/ 15 September 2006

Letter from Croatia

These bodies emerged about four years ago out of concern that the General Agreement on Trade in Services being forged at the World Trade Organisation (WTO) would place trade in cultural products on the same plane as, for example, toothpaste. The fear was that if cultural products were allowed similar liberalised access to markets around the world, then it was likely that films, television programmes and music from the United States in particular, would dominate the markets of all countries even more than was already the case.

In Europe about 600 films are produced a year, but US movies have a 74% share of the market. Under liberalised trade agreements it would be possible for the US to demand that countries not provide subsidies to produce movies or magazines or television programmes, as this would ‘distort” the market, by providing unfair competition for products created without subsidy in Hollywood, for example.

While the audiovisual industries of countries like France, Australia and Canada would be greatly threatened by such trade agreements, the implications are far broader.

Cultural products are not only commercial entities that create jobs, generate income and contribute to the local tax base, they also convey values, ideas and world views so that if cultural products emanating from the US were allowed to enter into local markets without protecting local cultural industries and practices, there is a legitimate fear that these will have an homogenising effect, so that US values, ideas and perspectives come to pervade the consciousness of people throughout the world.

If the cultural industries of developed countries are under threat, then the scenario in developing and underdeveloped countries is even bleaker.

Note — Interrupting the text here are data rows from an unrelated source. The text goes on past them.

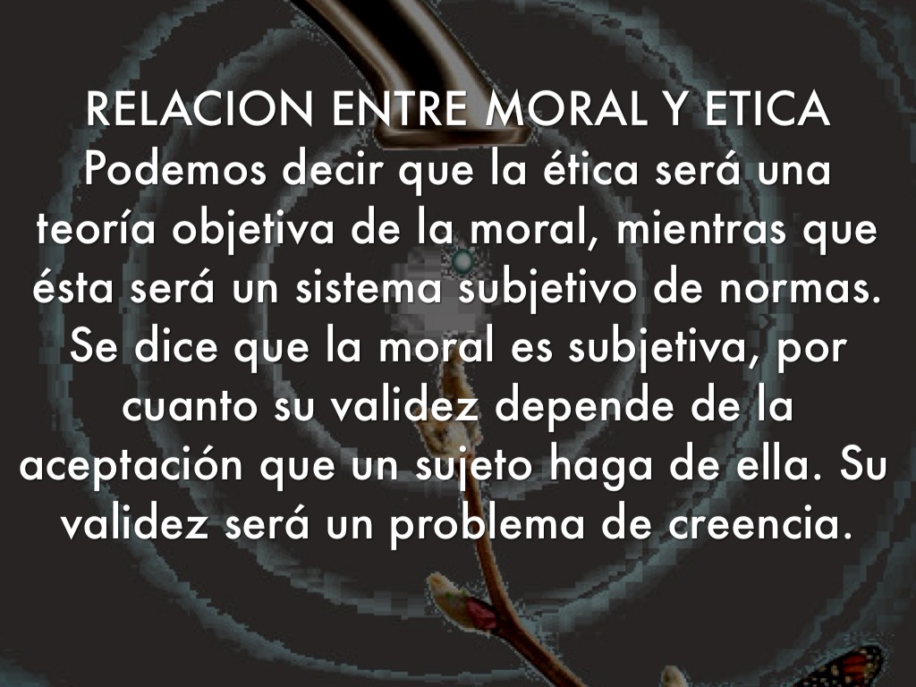 Podemos decir que la ética será una teoría objetiva de la moral, mientras que ésta será un sistema subjetivo de normas. Se dice que la moral es subjetiva, por cuanto su validez depende de la aceptación que un sujeto haga de ella. Su validez será un problema de creencia.
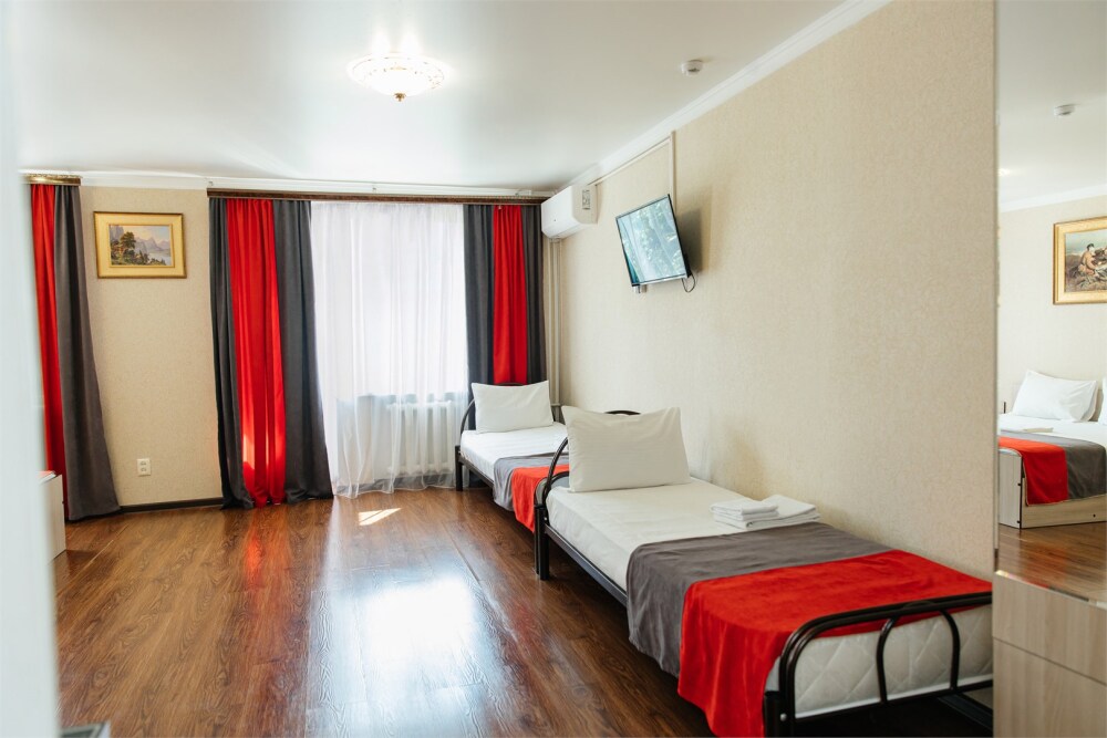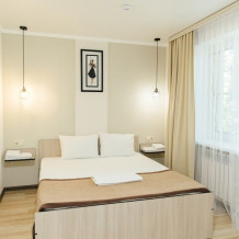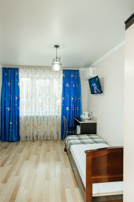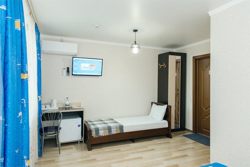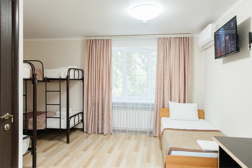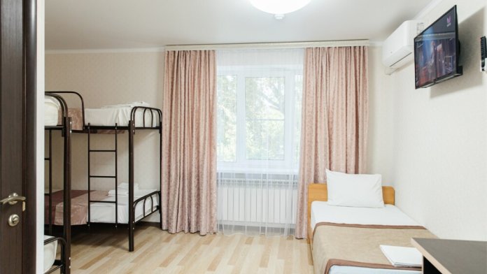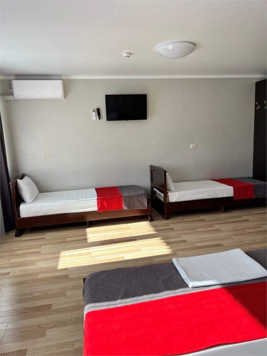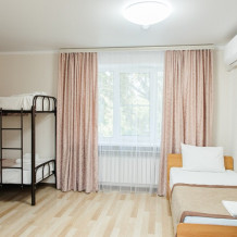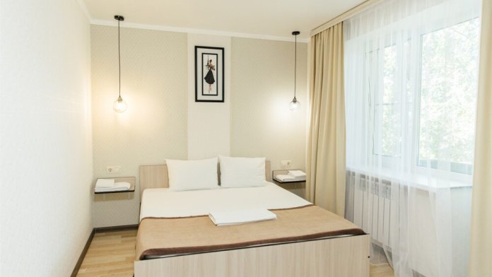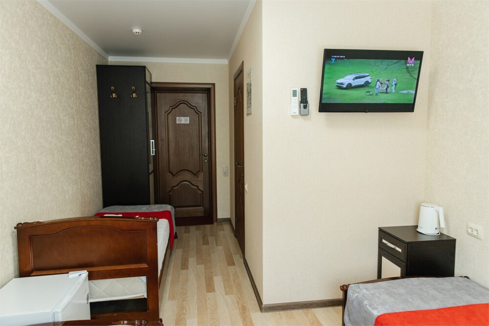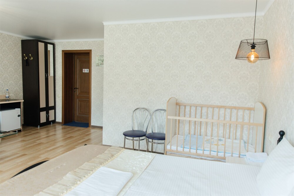 Комнаты различной вместимости с разными типами кроватей, а так же кроватями для детей В номере гостей ждут телевизор. Оснащение зависит от выбранной категории номера.
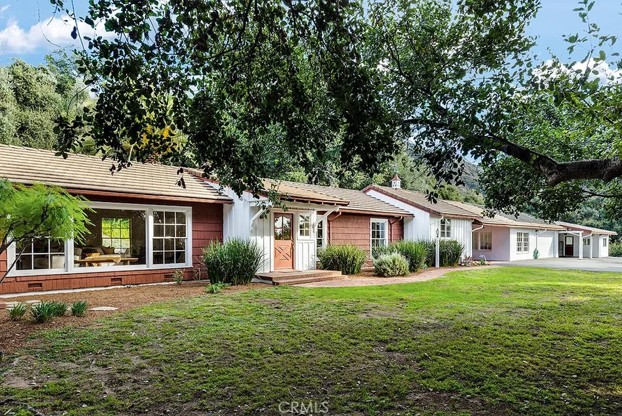 This magnificent one-of-kind property offers the utmost in serenity and privacy. The driveway greets you with a canopy of mature oak trees as you enter the 1.2 acres nestled in the desirable Kinneloa Mesa neighborhood. Outside boasts opportunities for enjoying nature with the beautiful mountain, canyon, and city views. Relax on the private and sprawling front lawn. Entertain in the backyard, with the inviting pool surrounded by a large natural stone deck. Discover plentiful mature fruit trees. For the equestrian enthusiast, a horse corral and stable are included. Enjoy the convenience of a two-car carport adjacent to the kitchen entrance, as well as a two-car garage and large parking area. Inside the main 2,756SF house you will find a formal entry, two generous bedrooms, dining/family room, kitchen with eat-in bar, and laundry room. The large living room features gleaming peg and groove wood floors, crown molding, and gas fireplace. The dining/family room has a lovely beamed ceiling, wainscoting, built-ins, new carpet and wood burning fireplace. The ensuite primary bedroom is generous and includes a luxurious bathroom with a separate shower, jetted bathtub and adjacent spacious walk-through closet. The second bedroom has a large self-lit closet. The separate laundry room has a utility sink, large pantry and is connected to a three-quarter bathroom. Additional space includes a guest house, bonus room and large storage area. The guest house has one large room and a three-quarter bathroom offering flexibility for guests or a private retreat. The bonus room/art studio is equipped with washer/dryer/sink hookups and has an abundance of natural light. There is a large storage room across from the bonus room. Additional amenities include keyless entry, 5.1 Surround Sound system in family room and whole-house inside/outside speaker, Ethernet, and is wired for a Wi-Fi system. Two-zoned central HVAC ensures overall comfort year-round. Solar for electricity and solar heated pool-contributing to efficiency and sustainability. Many rooms throughout the house have floor-to-ceiling windows capturing the beautiful natural surroundings. Meticulously refinished hardwood floors, crystal doorknobs and fresh paint inside and outside add elegance to the home. This property is a true oasis of tranquility welcoming you to make it yours.

Many of these countries have little or no cultural industries and when they do eventually develop the capacity to tell their own stories through film and literature, or when they are able to produce their own music, they face an uphill battle to sell themselves to their own markets which have internalised the values, themes and aesthetics of US products to which they have become accustomed.

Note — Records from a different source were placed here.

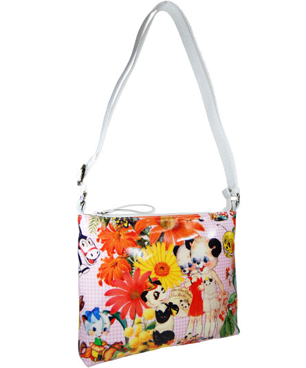 今シーズンのプリント柄は、ピンクと白の細かいギンガムチェックをベースに、昭和の時代の子供達の甘い思い出の世界と花々を散りばめたノスタルジックに表現したコラージュプリントです。
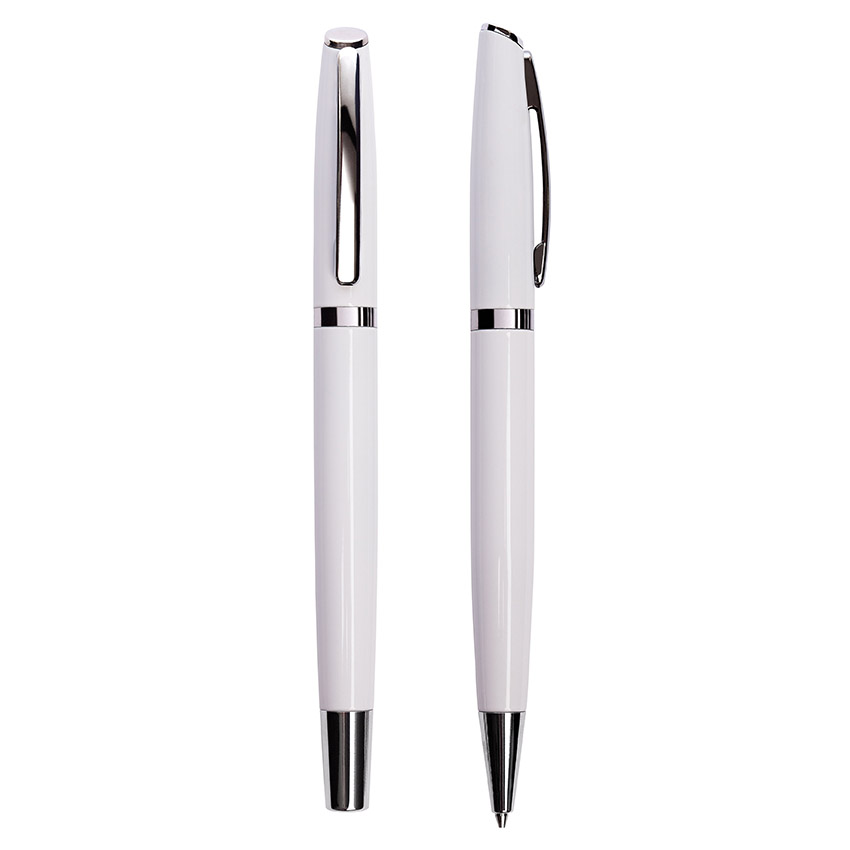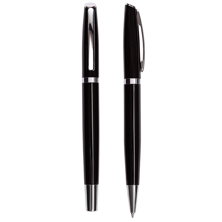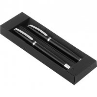 Boligrafo de aluminio. Contiene un Bolígrafo y un Roller Ball. Cuerpo de color esmaltado, clip, puntera y aro plateados. Incluye Estuche doble. Destape plateado al grabar con laser.
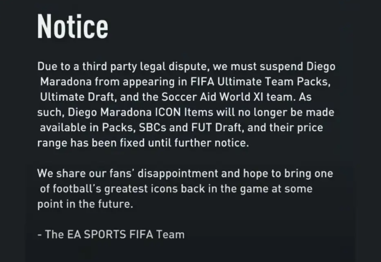 "Üçüncü şahısların yasal anlaşmazlığı nedeniyle Diego Maradona'nın FIFA Ultimate Team Paketlerinde, gelecekteki FUT içeriğinde ve EA SPORTS FIFA 22'deki Soccer Aid World XI'de yer almasını askıya aldık. Bu nedenle, Diego Maradona İKON Ögeleri artık Paketlerde, KKG'lerde ve FUT Taslağı olarak sunulmayacak ve fiyat aralığı bir sonraki duyuruya kadar mevcut değerinde kalacak. Oyuncularımızın hayal kırıklığını anlıyoruz ve gelecekte futbolun en büyük simgelerinden birini oyuna geri getirmeyi umuyoruz."
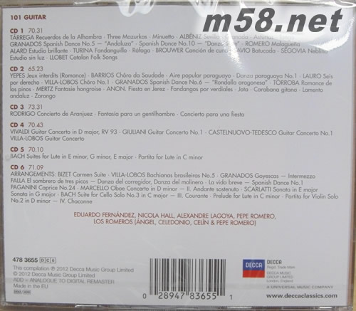 101 GUITAR 101 吉它殿堂大師精選套裝101古典系列6CD套裝 德版(m58.net) 2012全新101最愛系列 古典名廠牌DECCA超值6CD必備曲目,殿堂大師演繹 DECCA唱片官方試聽網址(片段): http://www.deccaclassics.com/cat/single?sort=newest_rec&PRODUCT_NR=4783655&SearchString=028947836551&UNBUYABLE=1&per_page=50&flow_per_page=50&presentation=flow
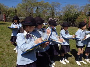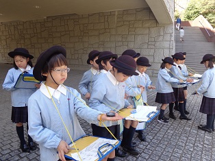 奈良カレッジ内の芝生の広場や遊具の広場、ピロティ、校門付近など、様々な場所で方位を調べました。児童たちは、最初は方位磁針の使い方に戸惑いながらも、何回も調べていくうちに慣れ、正確に方位を調べることができました。この技術を活かして、26日(金)に関屋フィールドワークに出かけ、学校周辺の地図作りにチャレンジする予定です。
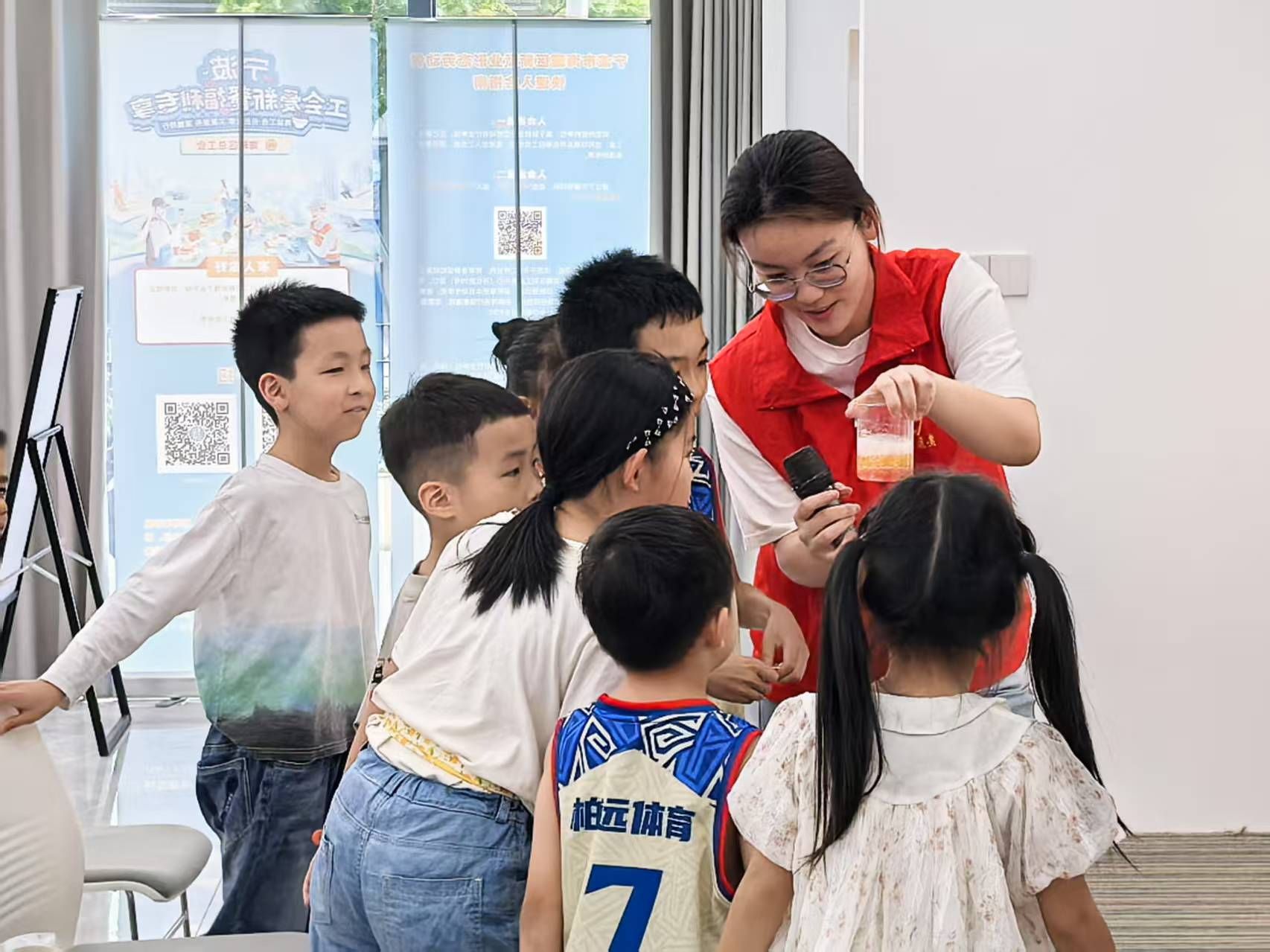 结合“双碳”环保主题,志愿者们开展科普实验,宣讲科学家精神。志愿者们设计“熔岩之舞”等实验,直观展现地质运动的壮美,志愿者们借实验现象阐述生态保护理念,同时借助热冰实验,讲述居里夫人提炼镭元素、门捷列夫创制元素周期表的科学故事,让科学家的探索精神在孩子们心中生根发芽。

Besides, it is cheaper for many developing countries to purchase cultural products from abroad than it is to invest in the development of their own cultural industries. This has direct consequences for local artists who have limited work opportunities as a result of there being limited cultural industries.

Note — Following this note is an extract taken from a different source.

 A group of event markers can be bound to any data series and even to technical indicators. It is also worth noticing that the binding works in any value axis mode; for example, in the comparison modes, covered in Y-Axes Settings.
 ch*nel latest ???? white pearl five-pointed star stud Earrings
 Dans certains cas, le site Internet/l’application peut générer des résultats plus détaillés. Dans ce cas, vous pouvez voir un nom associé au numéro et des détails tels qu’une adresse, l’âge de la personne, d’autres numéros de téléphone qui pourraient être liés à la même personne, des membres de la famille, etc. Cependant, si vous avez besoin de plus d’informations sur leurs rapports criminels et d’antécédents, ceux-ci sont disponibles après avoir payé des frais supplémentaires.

The INCP and the INCD have been lobbying for a new international Convention on Cultural Diversity that would govern trade in cultural products and remove the jurisdiction over such trade from the free marketers who dominate the WTO.

In terms of such a convention, countries would be allowed to take measures — like setting local content quotas — to develop and protect their own cultural industries, and to ensure that local markets at least have the choice of local and regional products, alongside the products emanating from the US cultural industries juggernaut, in other words, to promote cultural diversity.

A first victory has been at the General Conference of Unesco, which voted on Monday to endorse such a convention. At its first meeting as a full member of Unesco since its withdrawal 19 years ago, the US voted against the proposal.

Whether the victory will be sustained depends on the how the rest of the world responds to the likely future tactics of the US in delaying, not signing or withdrawing from such a convention as it has done on other issues like the Kyoto accord on the environment and the International War Crimes Tribunal.

Whatever, if we weren’t aware of it before, artists in South Africa now have common cause with the protesters in Cancun. And it is in their interests to engage with the Department of Trade and Industry to ensure that our cultural industries are developed and protected, and are not sold out at the WTO.